Information shown:
⁂
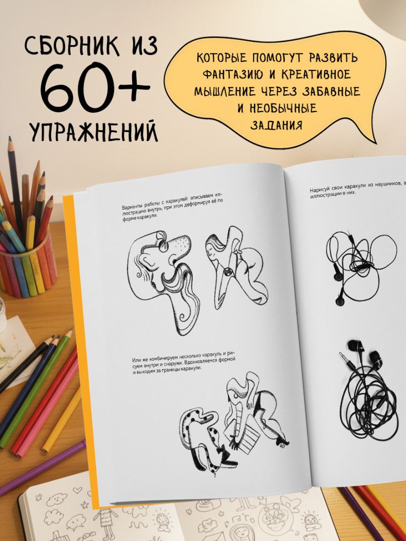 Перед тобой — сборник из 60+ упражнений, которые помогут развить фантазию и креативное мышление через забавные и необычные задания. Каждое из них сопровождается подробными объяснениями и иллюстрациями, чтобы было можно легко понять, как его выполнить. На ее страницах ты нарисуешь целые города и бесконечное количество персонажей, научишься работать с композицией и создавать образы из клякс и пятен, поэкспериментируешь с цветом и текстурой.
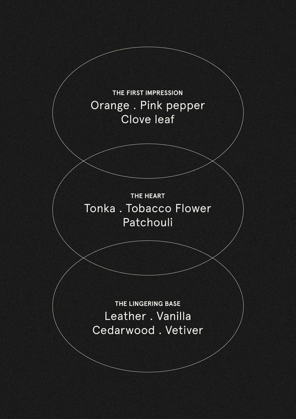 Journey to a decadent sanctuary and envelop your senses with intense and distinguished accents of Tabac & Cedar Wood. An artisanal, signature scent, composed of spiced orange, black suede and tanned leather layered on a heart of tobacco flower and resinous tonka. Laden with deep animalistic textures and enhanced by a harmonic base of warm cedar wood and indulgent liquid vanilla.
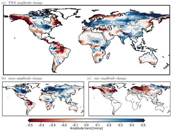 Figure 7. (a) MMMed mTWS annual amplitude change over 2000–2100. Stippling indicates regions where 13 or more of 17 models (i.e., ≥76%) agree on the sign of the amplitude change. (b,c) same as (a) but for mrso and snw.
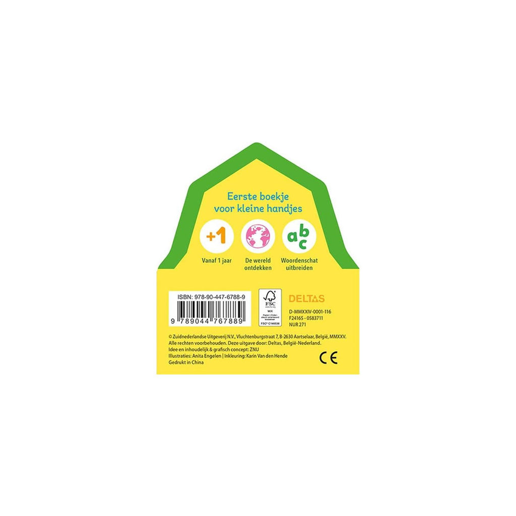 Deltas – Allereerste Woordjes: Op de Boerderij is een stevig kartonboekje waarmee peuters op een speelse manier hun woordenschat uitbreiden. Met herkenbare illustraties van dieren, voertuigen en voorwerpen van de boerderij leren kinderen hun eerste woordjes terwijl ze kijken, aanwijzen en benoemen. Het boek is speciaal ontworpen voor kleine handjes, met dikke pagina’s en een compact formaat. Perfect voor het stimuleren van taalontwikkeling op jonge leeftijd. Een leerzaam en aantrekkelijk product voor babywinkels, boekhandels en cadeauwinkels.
⁂
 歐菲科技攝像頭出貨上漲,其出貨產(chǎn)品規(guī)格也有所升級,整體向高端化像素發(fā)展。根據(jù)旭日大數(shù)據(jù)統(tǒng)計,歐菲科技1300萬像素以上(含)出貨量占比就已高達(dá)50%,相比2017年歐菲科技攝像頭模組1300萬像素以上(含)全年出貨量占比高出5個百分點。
⁂
Repeat the lines above exactly, beginning with the one containing "Figure 7. (a)" and finishing with the one containing "Deltas – Allereerste". No pictures belong in the copy.

Your solution:
 Figure 7. (a) MMMed mTWS annual amplitude change over 2000–2100. Stippling indicates regions where 13 or more of 17 models (i.e., ≥76%) agree on the sign of the amplitude change. (b,c) same as (a) but for mrso and snw.
 Deltas – Allereerste Woordjes: Op de Boerderij is een stevig kartonboekje waarmee peuters op een speelse manier hun woordenschat uitbreiden. Met herkenbare illustraties van dieren, voertuigen en voorwerpen van de boerderij leren kinderen hun eerste woordjes terwijl ze kijken, aanwijzen en benoemen. Het boek is speciaal ontworpen voor kleine handjes, met dikke pagina’s en een compact formaat. Perfect voor het stimuleren van taalontwikkeling op jonge leeftijd. Een leerzaam en aantrekkelijk product voor babywinkels, boekhandels en cadeauwinkels.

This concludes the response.